Supplied records below:
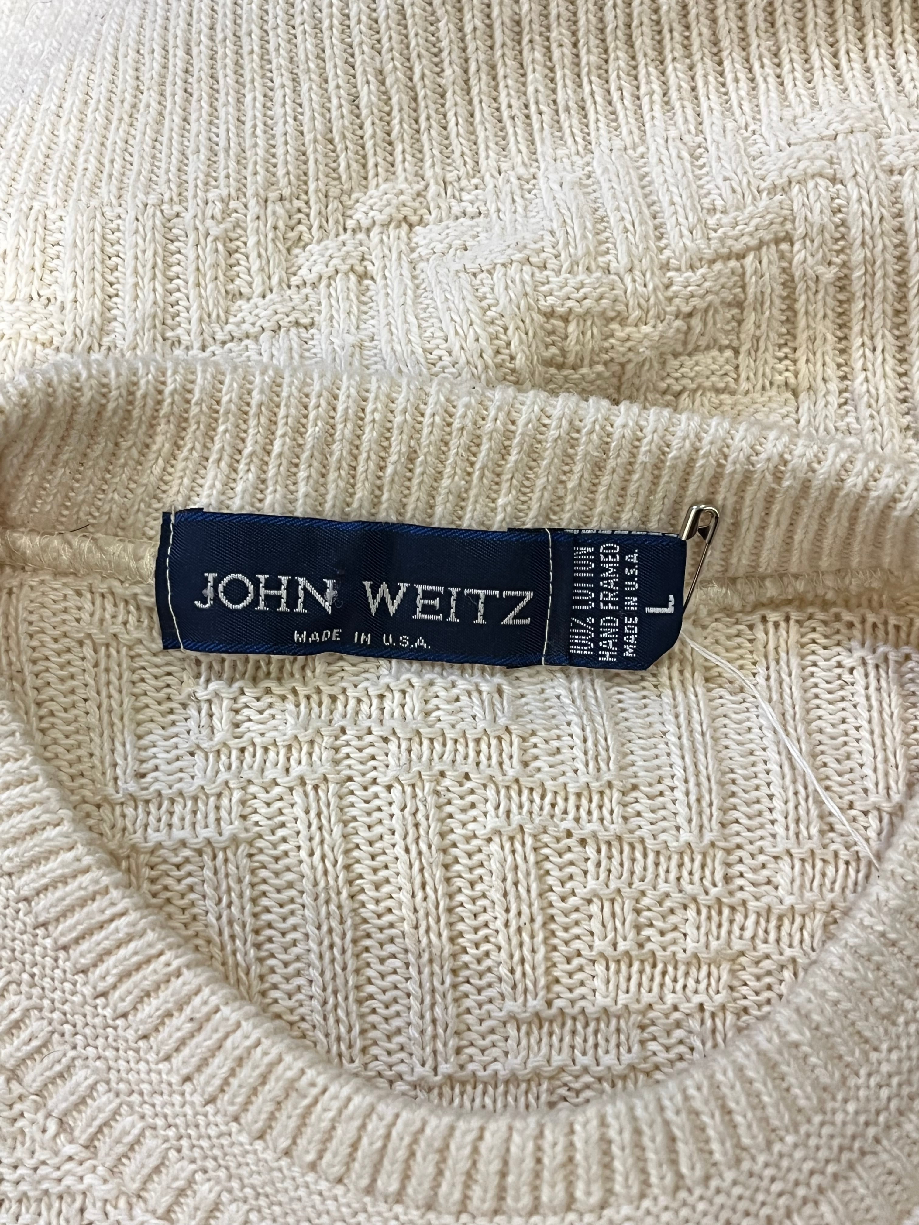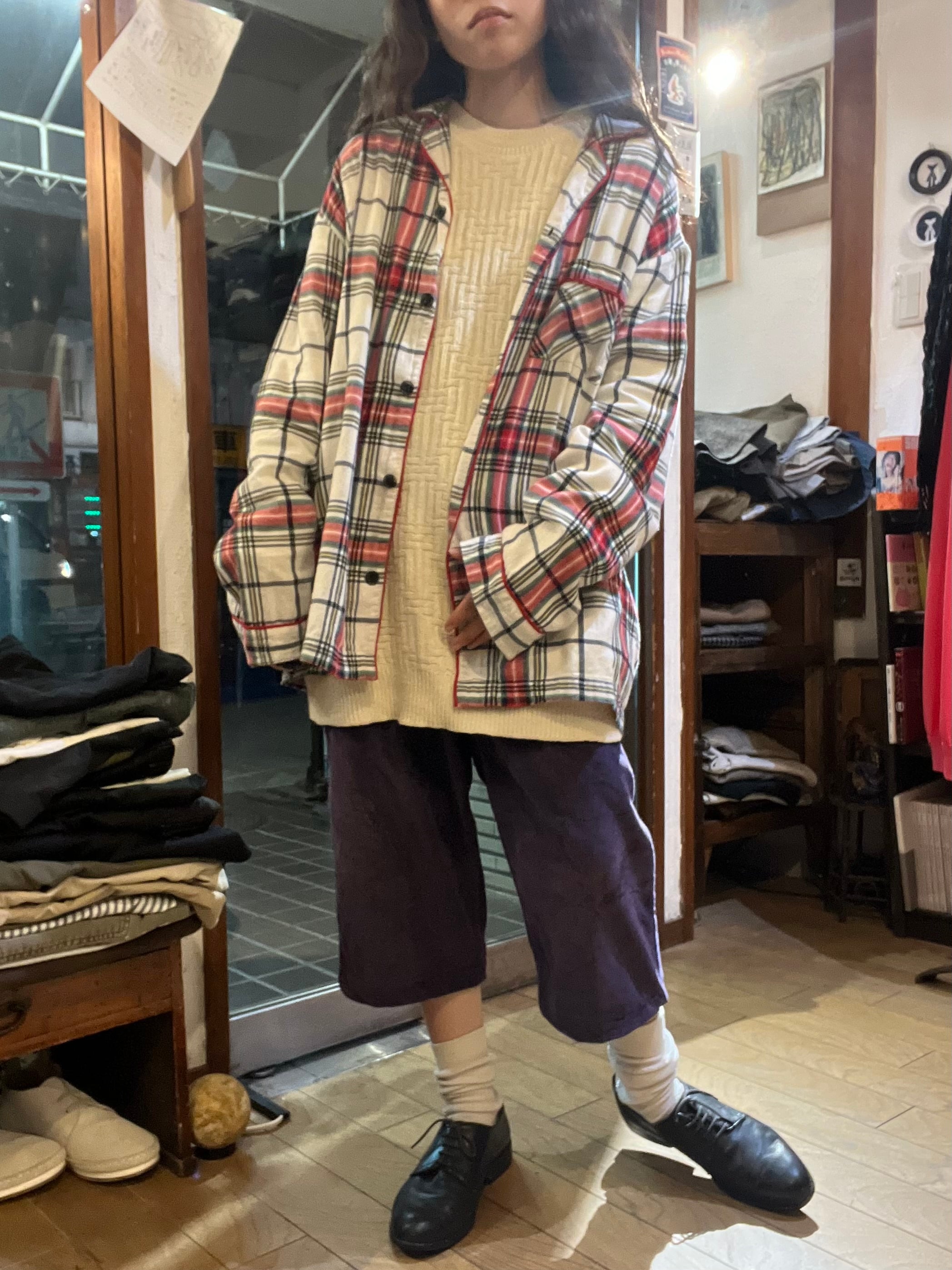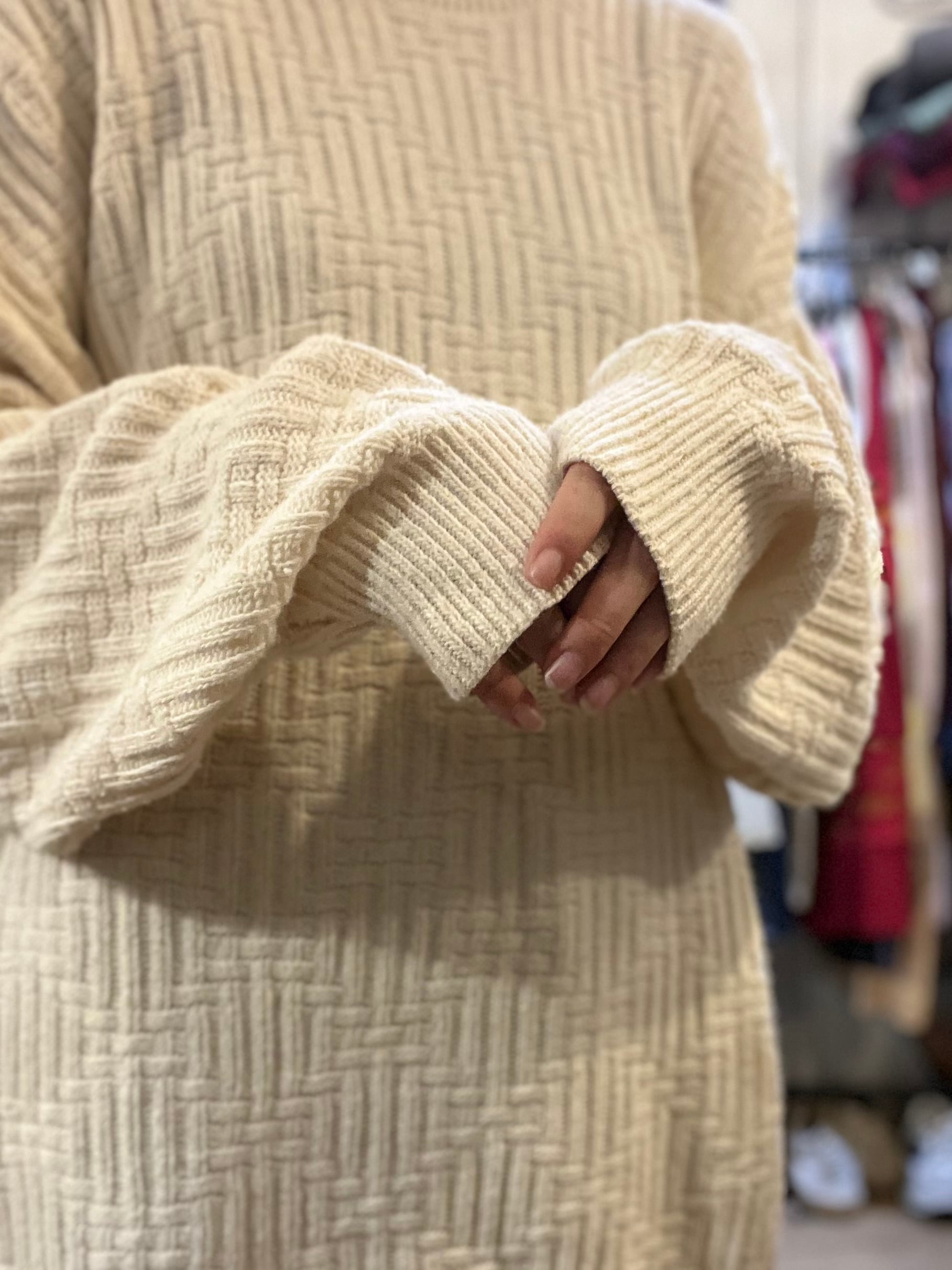 柔らかなアイボリーが肌に馴染み。季節の端境期にも一枚でサマになる。性別問わずオススメです。
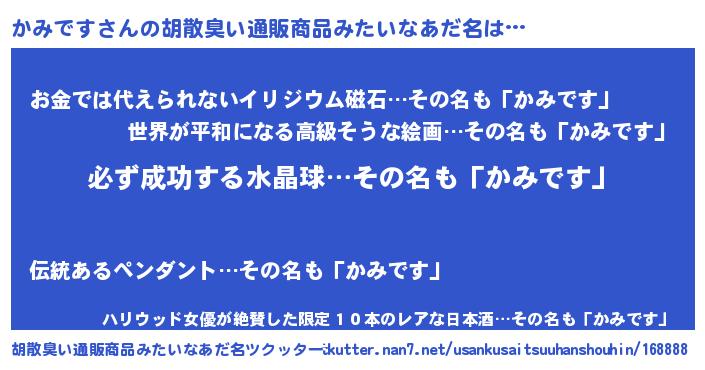| 男性向けラノベタイトル風あだ名 | 『かみですの憂鬱』『カミデススレイヤー』 |
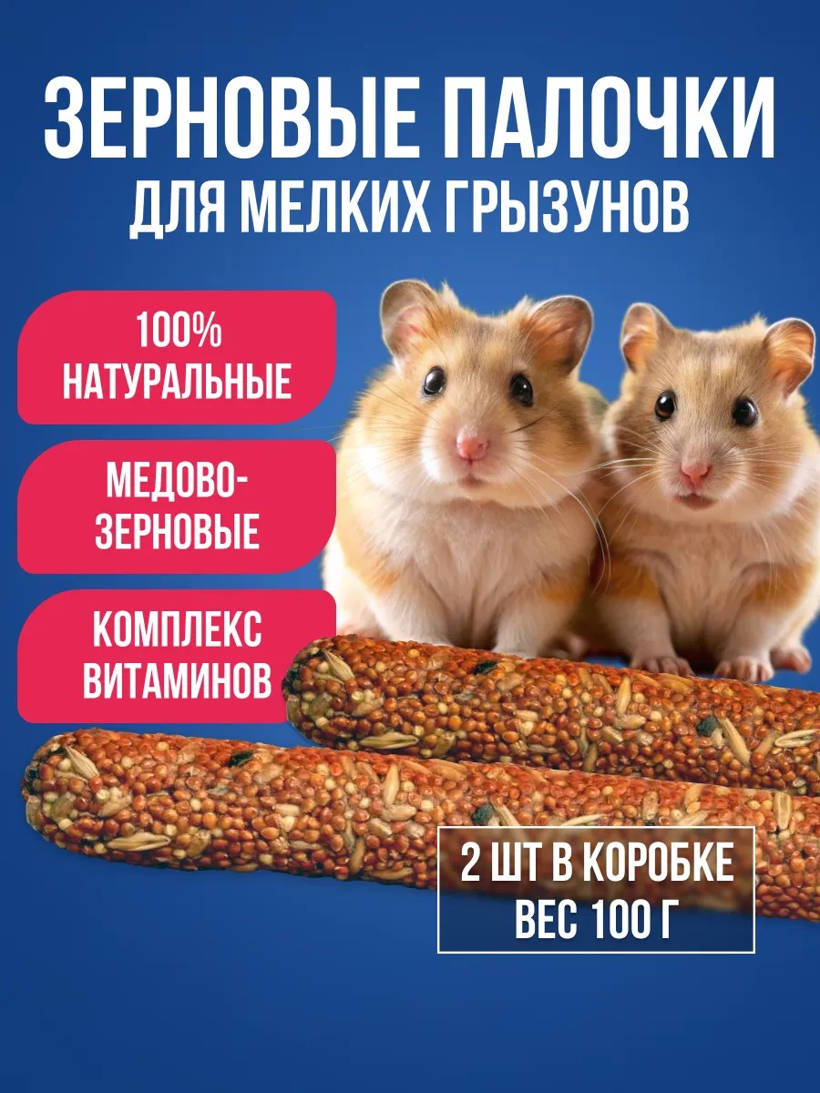 | Комплектация | Лакомство для крыс и хомяков 100г - зерновые палочки 2шт; упаковка |
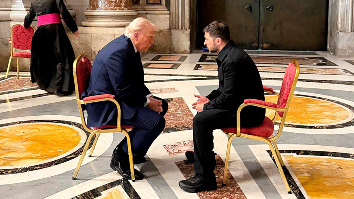 26 апреля. Трамп и Зеленский встретились в Риме перед похоронами папы римского Франциска. Встреча стала первой после перепалки в Белом доме 28 февраля. Украинский президент заявил, что встреча прошла хорошо и они с Трампом «успели обсудить многое». Трамп рассказал, что Зеленский вновь просил оружие у США. Генштаб ВС России в этот же день доложил Путину о завершении операции по освобождению Курской области от ВСУ. Трамп заявил, что основные моменты сделки по Украине согласованы.
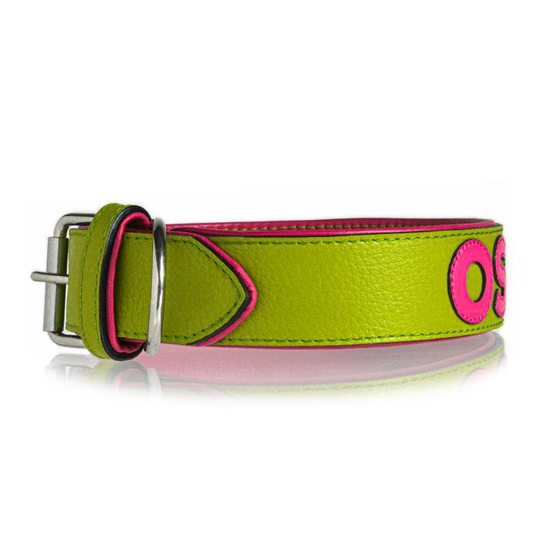 Personalisiertes Halsband aus Leder in Apfelgrün, Schriftfarbe frei wählbar
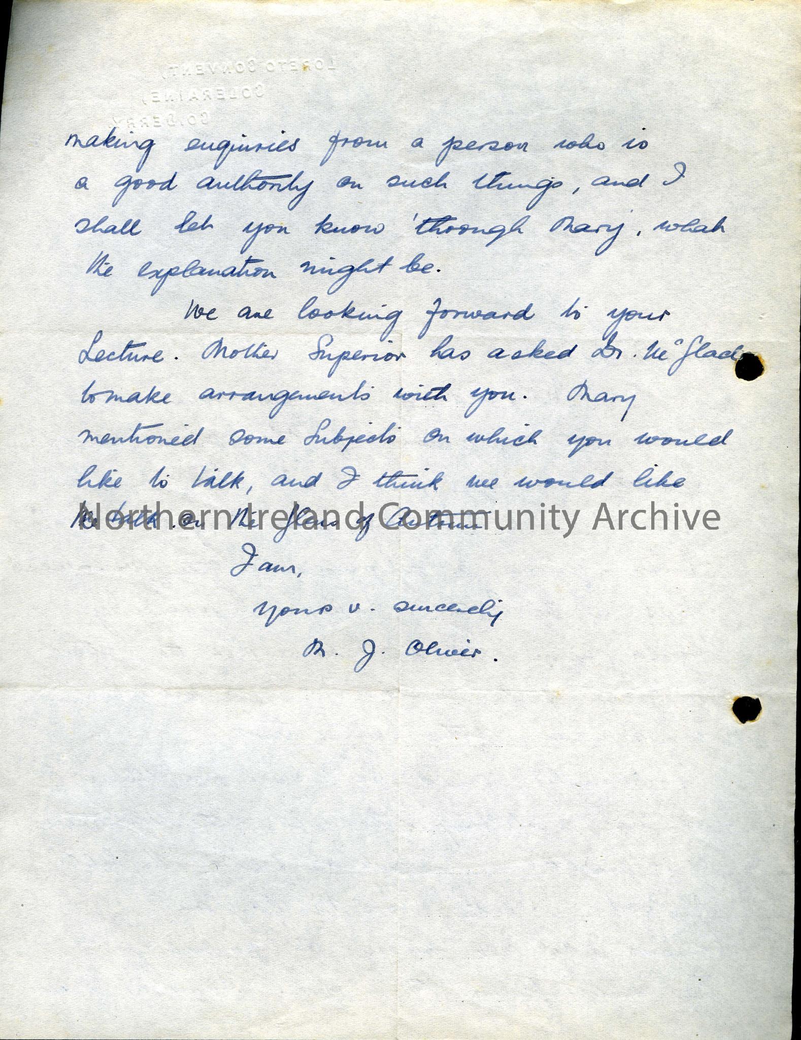 Letter from the Loreto Convent in Coleraine discussing the meaning of various placenames and requesting that Sam henry’s forthcoming talk be on the su…
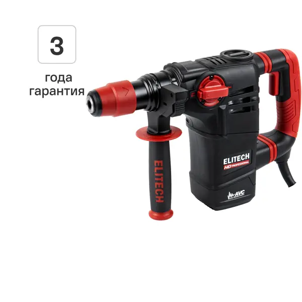 **Перфоратор сетевой SDS-plus Elitech HD RH1130E** — электроинструмент, который станет настоящим помощником как в быту, так и профессиональной деятельности. Он незаменим в ремонтно-строительной области. С его помощью можно подготовить отверстия в бетоне, кирпичной кладке, деревянной и других поверхностях. Эргономичная ручка с нескользящей поверхностью обеспечивает надежный хват и комфортную работу. Для изменения движения оснастки в обратную сторону предусмотрен реверс. Надежная работа и высокая производительность обеспечивается щеточным двигателем. Для лучшего удержания перфоратора предусмотрена дополнительная рукоятка. ### Особенности: - мощность устройства составляет 1100 Вт; - скорость оборотов достигает 920 в минуту; - сила удара достигает 5 Дж, что позволяет справиться с твердыми поверхностями; - количество режимов работы — три: сверление, сверлением с ударом и долбление; - максимальный диаметр сверления в поверхности из бетона — 26 мм; - виброгасящая основная рукоятка оптимальна
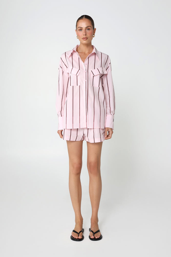 Pink and burgundy stripe relaxed fit shirt Front pockets with feature angled pocket flaps Logo embroidery on the cuff Button up centre front
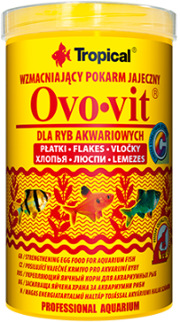 Ovo-Vit to pokarm, który uzupełnia dietę ryb o cenne białko, nienasycone kwasy tłuszczowe i dobrze przyswajalną lecytynę z żółtek jaj. Płatki Ovo-Vit wspomagają wzrost, dojrzewanie i przystępowanie ryb do tarła, dlatego są szczególnie polecane dla tarlaków oraz młodych, rosnących ryb, których zapotrzebowanie na składniki odżywcze jest szczególnie duże.
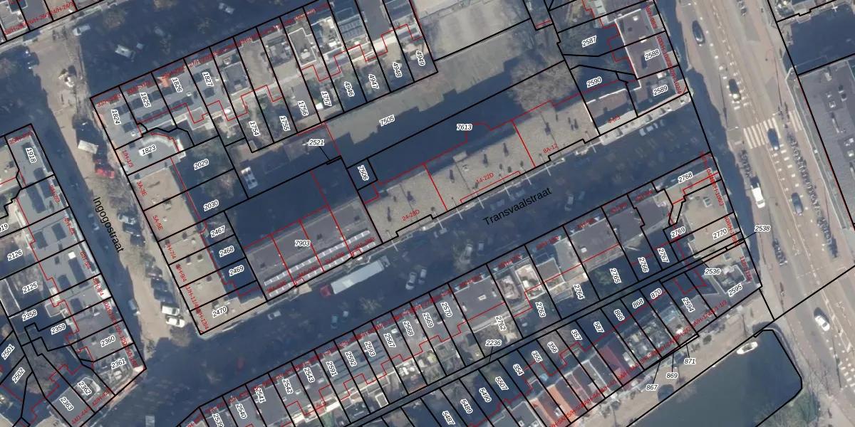Het perceel waarop Transvaalstraat 24 staat heeft een oppervlakte van 1079 m². Dit is een zeer groot perceel. De perceeloppervlakte wordt geregistreerd door het Kadaster. Gedetailleerde informatie over de maten van dit perceel kunt u vinden in het rapport Kadastrale kaart met maatvoering van Transvaalstraat 24.
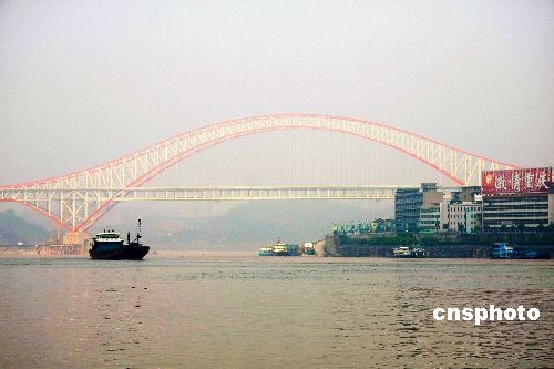 2008年11月13日上午,重慶市政府新聞辦舉行11月月度新聞發布會。重慶市建委新聞發言人趙立亞介紹,朝天門大橋原定今年年底通車,由于技術原因預計推遲至明年5月通車。中新社發 趙俊超 攝
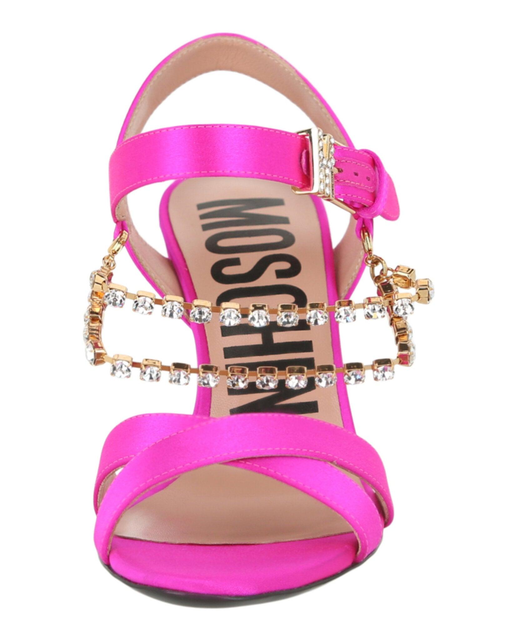 Fulfilled by our friends at Carro Luxury MaisonDETAILS Heel Height: 3.5" Buckle ankle closure with logo buckle fastening Rhinestone embellishment Almond toe Stiletto heel Branded leather insole; Gold-tone hardware Specialist clean only Upper: 72% Viscose, 28% Silk; Lower: 100% Leather Made in Italy
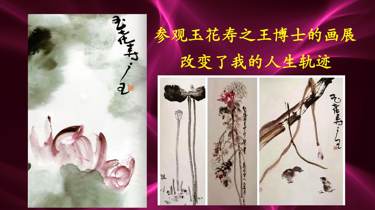 参观玉花寿之王博士的作品心境的变化直接导致我的人生轨迹发生改变。如果没有这次画展,这会儿,我或许正忙着去天南地北寻找出版社出版自己的书,就像当年为出版第一本书而奔波。但现在,我决定不再出书了。稳坐家中,闲来无事,可以写写大字,写写文章,学学画画……是这次画展让我的心境归于平淡,改变了我的写作方向!哦! 历史上可有一次画展改变过一个人的前途命运? 也许没有! 如果过去没有,不等于今天没有! 不等于永远没有! 画展结束,我预订了王博士三幅复制签名画作,分别是《佳肴》、《归真自童心,枇杷出黄金》及《向日之莲》。我预订的不是画,而是一片光明与美好! 我想借此来表达感恩的心。借此机会,我给当代所有的画家们做一次代言人:随着高科技发展,复制签名画和原创作品相差无几,一样有收藏价值。因为当一位画家为其复制作品签名时,他是慎重又慎重,为前途名誉计,稍有瑕疵,都会拒签。当然,无论如何,还是原创作品更有珍藏价值。我在仰望星空,真心祈求今生有能力得到一幅玉花寿之王博士的原创作品,这将是我人生中最幸福的事。
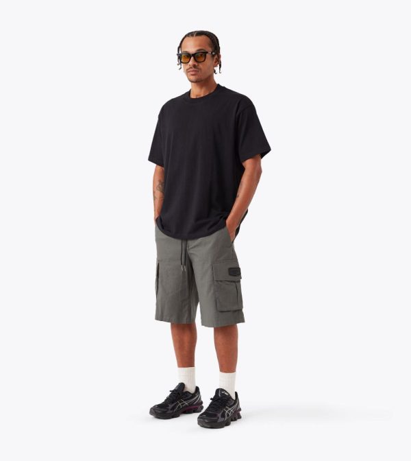 Constructed from a premium 98% cotton, 2% elastane rip-stop blend, the ZANEROBE Parachute Short in Olive delivers the perfect balance of durability and comfort. Designed for a seamless fit, it features an elastic waistband with external drawcords, while oversized patch pockets with box pleats and rubber detailing add both function and a modern edge.
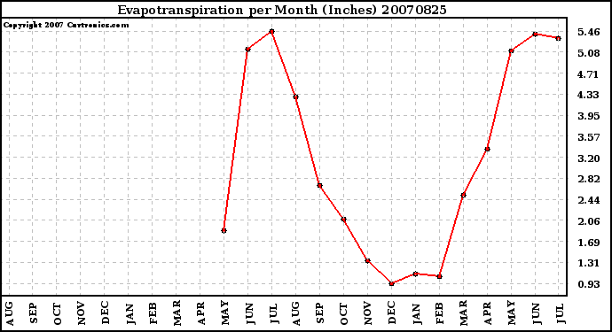 Milwaukee Weather -- 20070825 Evapotranspiration per Month (Inches) -- From curtronics.com by Curt Blank
End of Supplied records.
#### Task instructions
Word for word, retype the lines in the entries above that run from the one with "Personalisiertes Halsband aus" through the one with "Letter from the". Both ends count; pictures do not.

#### Output below
 Personalisiertes Halsband aus Leder in Apfelgrün, Schriftfarbe frei wählbar
 Letter from the Loreto Convent in Coleraine discussing the meaning of various placenames and requesting that Sam henry’s forthcoming talk be on the su…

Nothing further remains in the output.